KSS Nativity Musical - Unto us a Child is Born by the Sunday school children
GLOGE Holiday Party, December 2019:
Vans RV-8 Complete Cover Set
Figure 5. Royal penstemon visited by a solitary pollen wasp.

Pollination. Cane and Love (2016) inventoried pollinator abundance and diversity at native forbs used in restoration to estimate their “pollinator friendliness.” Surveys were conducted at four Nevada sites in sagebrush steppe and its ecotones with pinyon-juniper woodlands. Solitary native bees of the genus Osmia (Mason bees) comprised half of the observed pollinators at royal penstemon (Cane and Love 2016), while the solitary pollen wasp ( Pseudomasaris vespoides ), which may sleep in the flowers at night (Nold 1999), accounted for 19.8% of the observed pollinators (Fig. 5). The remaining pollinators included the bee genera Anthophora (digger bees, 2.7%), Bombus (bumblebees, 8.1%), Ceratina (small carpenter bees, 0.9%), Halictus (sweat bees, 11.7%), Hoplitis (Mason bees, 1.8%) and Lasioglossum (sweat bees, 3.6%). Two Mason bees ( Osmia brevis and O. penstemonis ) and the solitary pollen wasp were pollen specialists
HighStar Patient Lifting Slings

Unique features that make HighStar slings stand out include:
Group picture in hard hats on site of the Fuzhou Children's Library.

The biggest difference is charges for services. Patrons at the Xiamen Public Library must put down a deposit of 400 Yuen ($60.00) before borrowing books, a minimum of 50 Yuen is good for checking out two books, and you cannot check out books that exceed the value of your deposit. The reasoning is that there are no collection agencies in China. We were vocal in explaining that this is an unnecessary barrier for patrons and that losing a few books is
--
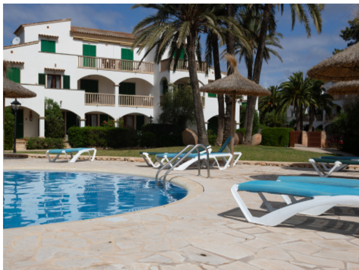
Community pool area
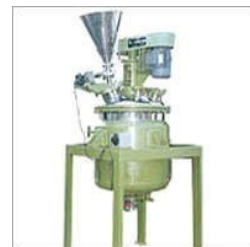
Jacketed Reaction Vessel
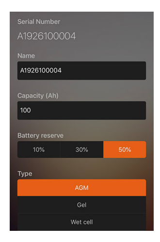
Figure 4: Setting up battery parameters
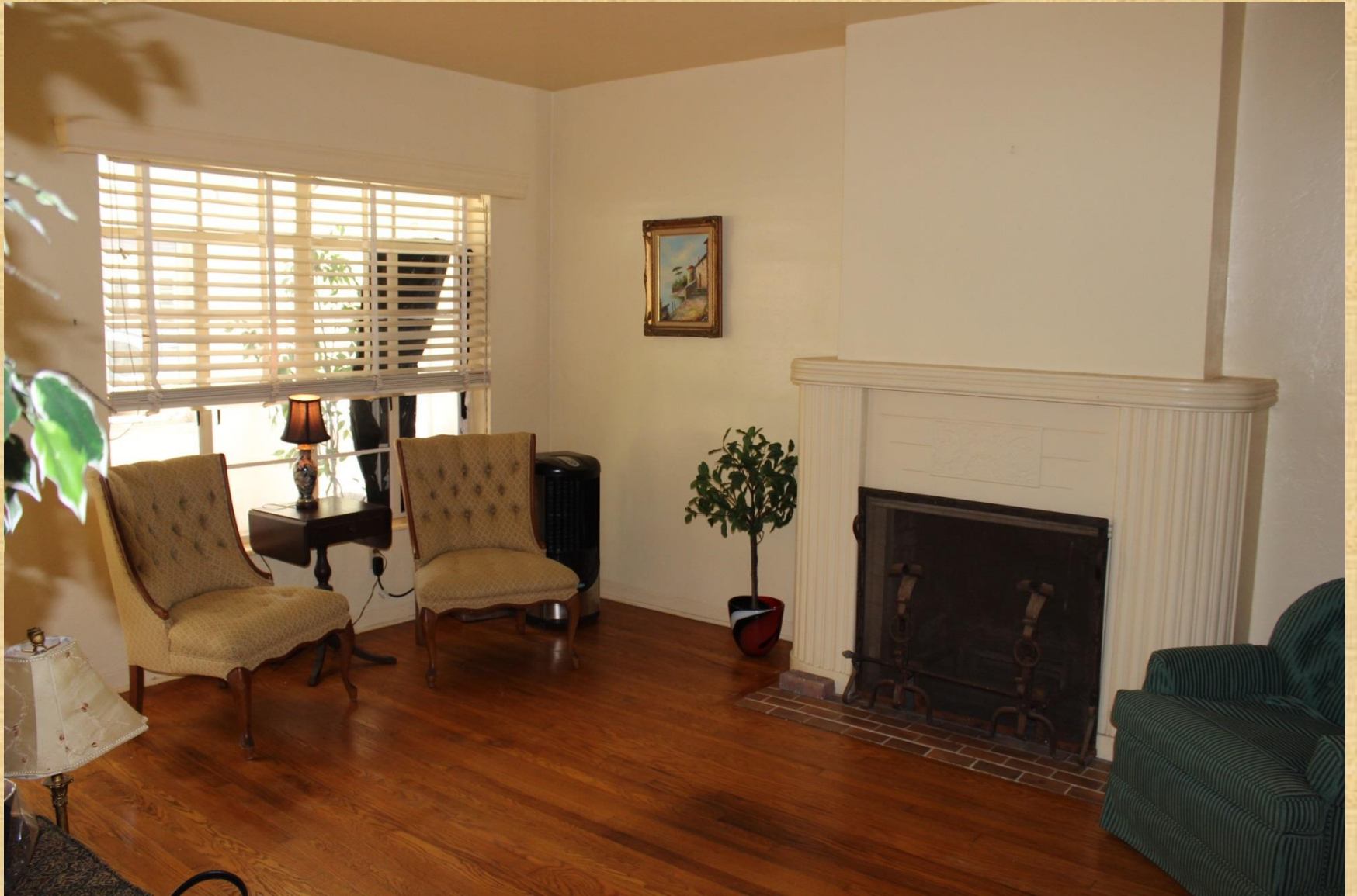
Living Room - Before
* * *
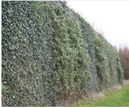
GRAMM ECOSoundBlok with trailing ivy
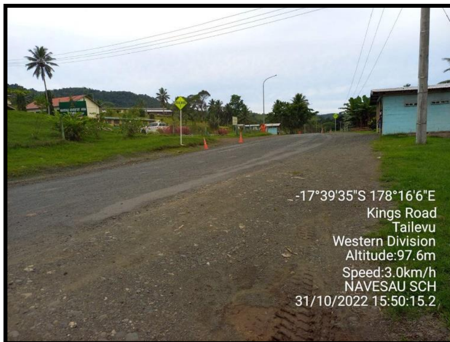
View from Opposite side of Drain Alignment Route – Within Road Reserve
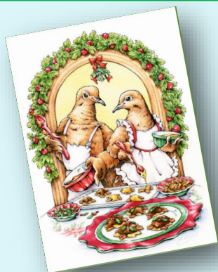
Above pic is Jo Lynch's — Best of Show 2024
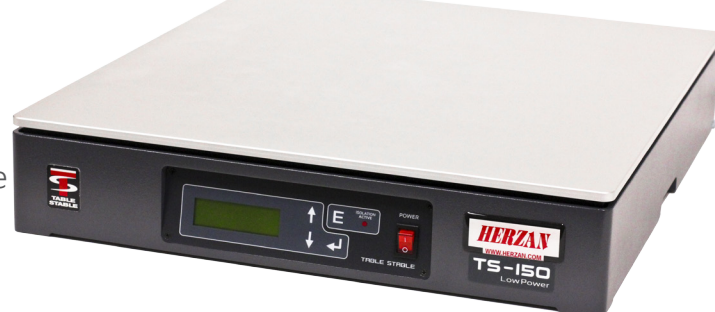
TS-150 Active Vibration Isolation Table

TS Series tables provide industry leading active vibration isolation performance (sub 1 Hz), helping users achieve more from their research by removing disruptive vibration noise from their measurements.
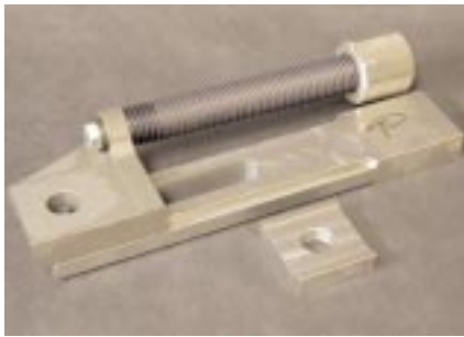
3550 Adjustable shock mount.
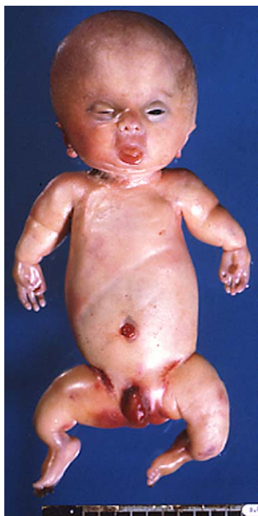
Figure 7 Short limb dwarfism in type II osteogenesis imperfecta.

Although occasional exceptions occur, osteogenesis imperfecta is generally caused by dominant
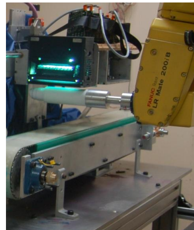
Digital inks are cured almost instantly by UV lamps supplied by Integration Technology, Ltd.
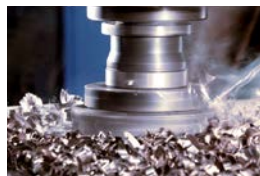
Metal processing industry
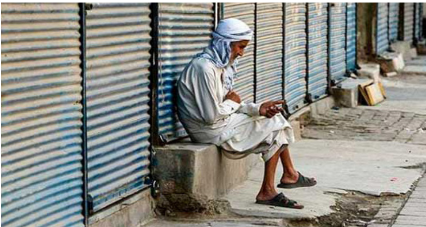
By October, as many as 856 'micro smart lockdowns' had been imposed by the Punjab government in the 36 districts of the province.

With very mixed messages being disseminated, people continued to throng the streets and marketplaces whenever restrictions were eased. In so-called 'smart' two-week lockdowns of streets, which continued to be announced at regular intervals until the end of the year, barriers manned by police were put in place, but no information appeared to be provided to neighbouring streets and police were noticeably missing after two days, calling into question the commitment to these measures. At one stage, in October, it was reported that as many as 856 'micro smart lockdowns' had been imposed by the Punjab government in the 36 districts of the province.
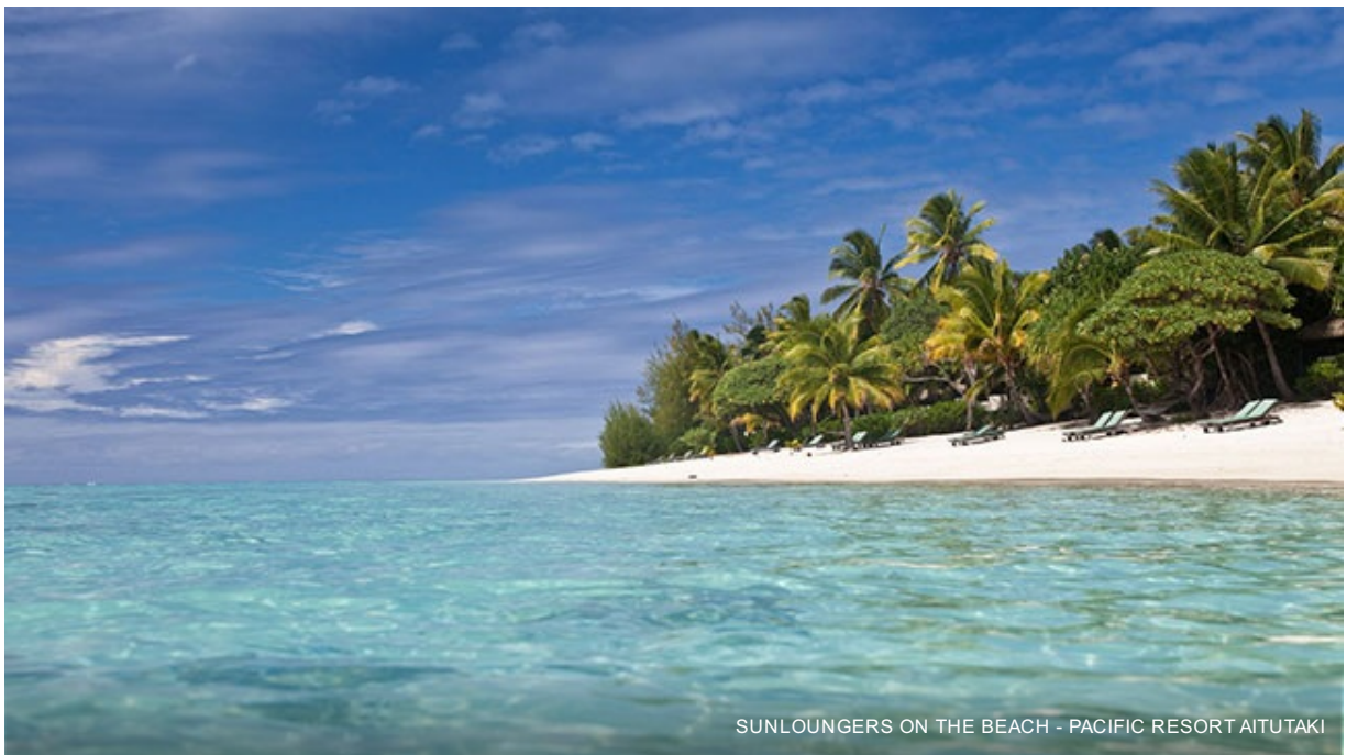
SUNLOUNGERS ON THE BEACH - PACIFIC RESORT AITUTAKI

_Task brief_.
Lines with the string "Figure": pick each one out of the material and return it.

_Answer section_.
Figure 5. Royal penstemon visited by a solitary pollen wasp.
Figure 4: Setting up battery parameters
Figure 7 Short limb dwarfism in type II osteogenesis imperfecta.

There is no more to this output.